Description
With a mintage of just 600 sets, this four piece set of pure gold coins is highly collectible as well as being an attractive representation of Canada’s most recognized symbol, the Maple Leaf. The four coins have nominal face values of $50, $10, $5 and $1, with corresponding pure gold weights of 1, ¼ and 1/10 and 1/20 ounce. The image of all four coins features Canadian artist Claudio D’Angelo’s depiction of two overlapping sugar maple leaves on their stems. Rendered in lovely detail by Royal Canadian Mint engravers, the two stylized leaves bend gracefully on their long stems. The four coins appropriately come displayed in a Canadian maple wood case.

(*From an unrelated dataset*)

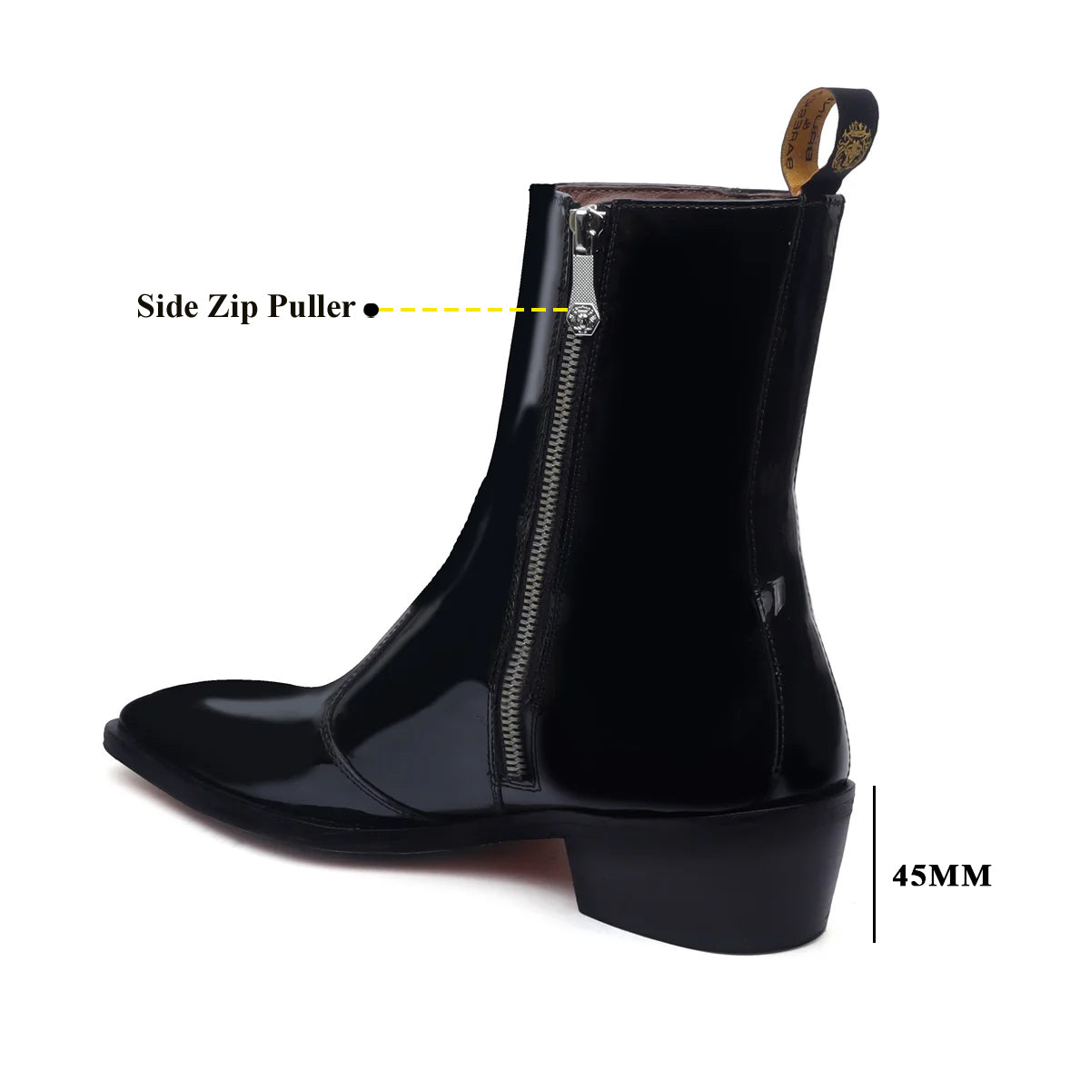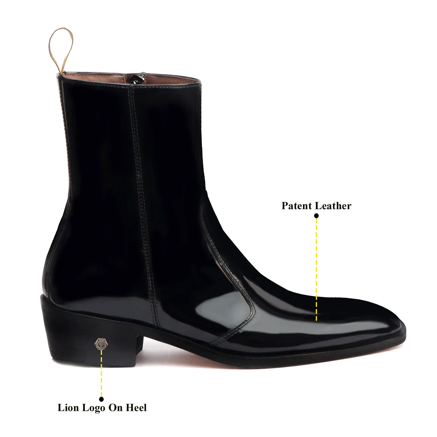 Black Patent Formal Boots Cuban Heel Zipper Closure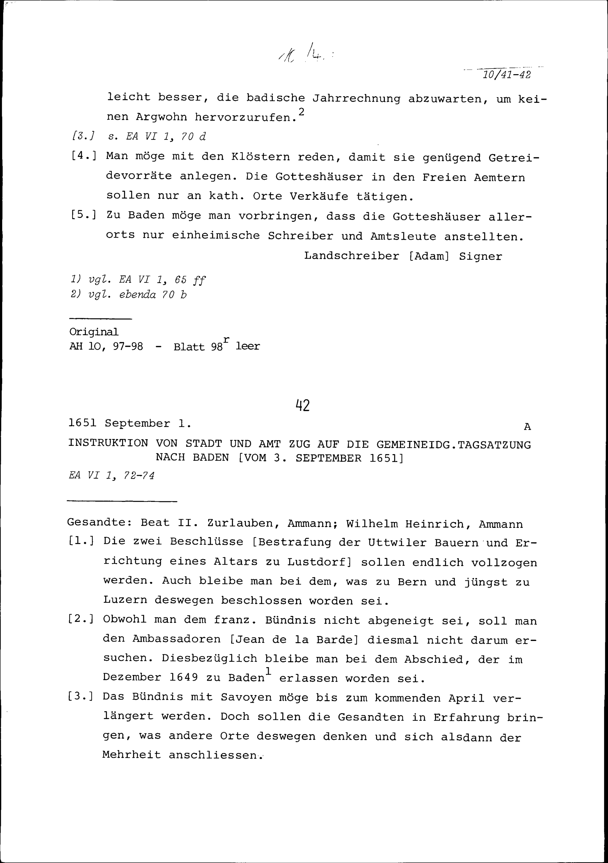 Instruktion von Stadt und Amt Zug auf die Konferenz der Fünf Katholischen Orte in Luzern vom 28. August 1651

This is the second set in a series. The first set sold out quickly from the Mint, and the first 90% of the mintage for this set was sold almost immediately.
The leaves of the sugar maple have symbolized Canada and Canadians for nearly three hundred years. Traceable to a time when immigrants to Canada wore lapel pins to identify their homelands, the maple leaf soon took its place alongside the English rose, the Scottish thistle, the Irish shamrock, and the French fleur-de-lis as a symbol of pride for native-born Canadians.
Today, a representation of the sugar maple’s five-lobed leaf sits at the very centre of the country’s most important national marker: the Canadian flag. The idea of including the sugar maple leaf on Canada’s flag took root with Lester B. Pearson in World War I, when he noted that every Canadian battalion had included some form of the maple leaf in its insignia. Under his leadership as Prime Minister of Canada fifty years later, in 1964, Canada’s famous red-and-white maple leaf flag was born.